Lean principles use the same scientific method to diagnose and treat organizational problems as doctors use to diagnose and treat medical conditions.

For Lean to take hold in an organization and transform its culture to one of continuous improvement, senior management must relinquish the role of master problem-solver to those who are closer to the problems to be solved under the guidance of Lean consultants specialized in healthcare.

Lean, in a sense, turns leadership upside-down, with frontline workers doing much of the innovating and managers trusting them to do it – and supporting them. Respect for the potential of frontline workers to have the brainpower and commitment to improve the work must pervade the organization. Respect flows downward, not just upward.

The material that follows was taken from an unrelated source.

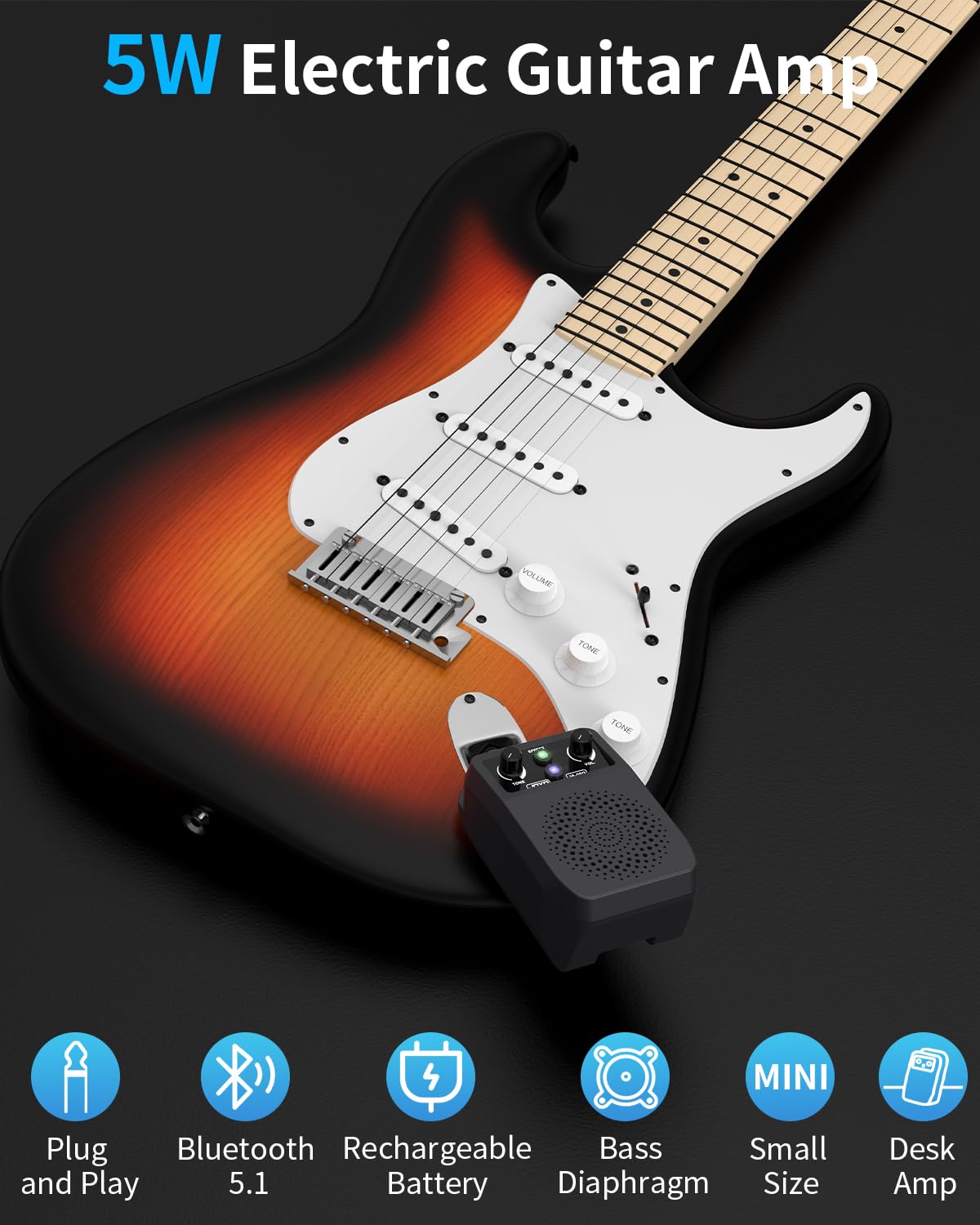Compact and portable, plug and play - Plug in this mini guitar amp and use it anytime, anywhere, helping you get rid of the trouble of using cords.

Lean can drive an organization to a high level of efficiency. It will improve effectiveness. It doesn’t just save time; it reduces costs. The tools are pretty simple. Many of them are visually based. They are common-sense things used in uncommon ways:

  1. Defects/Mistakes. Includes time spent inspecting or fixing errors. Example: an item missing from a surgical case cart. Administration of incorrect medications. Hospital-acquired conditions.

  2. Overproduction. Includes doing more than what is needed by the patient, or doing it sooner than needed. A broad example of this is the performance of unnecessary diagnostic procedures.

  3. Transportation. Unnecessarily moving patients, specimens, or materials throughout a system is wasteful. This type of waste is evident when the hospital has a poor layout, such as a cath lab located a long distance from the emergency department.

  4. Waiting. Patients in waiting rooms (or exam rooms). Staff members with uneven workloads waiting for their next task. Emergency department patients and physicians waiting for test results. ED patients waiting to be admitted to the hospital. Patients waiting to be discharged once medically ready.

  5. Inventory. Waste created by excess inventory, storage, and movement costs. One example is letting supplies expire and then disposing of them, including out-of-date medications.

  6. Motion. Do employees move from room to room, floor to floor and building to building more than necessary? That accounts for one type of waste. Example: lab employees may walk miles per day due to a poor hospital layout.

  7. Over-processing. Describes work performed that is not valued by the patient or aligned with patient needs. Unnecessary paperwork. Consultation by specialists that are not medically necessary.

  8. Human potential. This waste is caused when employees are not engaged, heard, or supported. Employees may feel burnt out and cease sharing ideas for improvement.

It goes without saying that healthcare is one of the most complicated industries in which to build quality systems.
Gustavo P. Camarano, MD, PhD, CPC, CDIP, CHCQM

Gustavo Camarano, MD, is a noninvasive academic cardiologist who gradually migrated to a physician advisor position where today he is a physician advisor with Allegheny Health Network, working with denials management and clinical documentation integrity (CDI)

Previously, Dr. Camarano worked as a coder reviewer, obtaining CPC and CDIP certification, and undergoing training in conflict management and Lean Six Sigma certification in healthcare.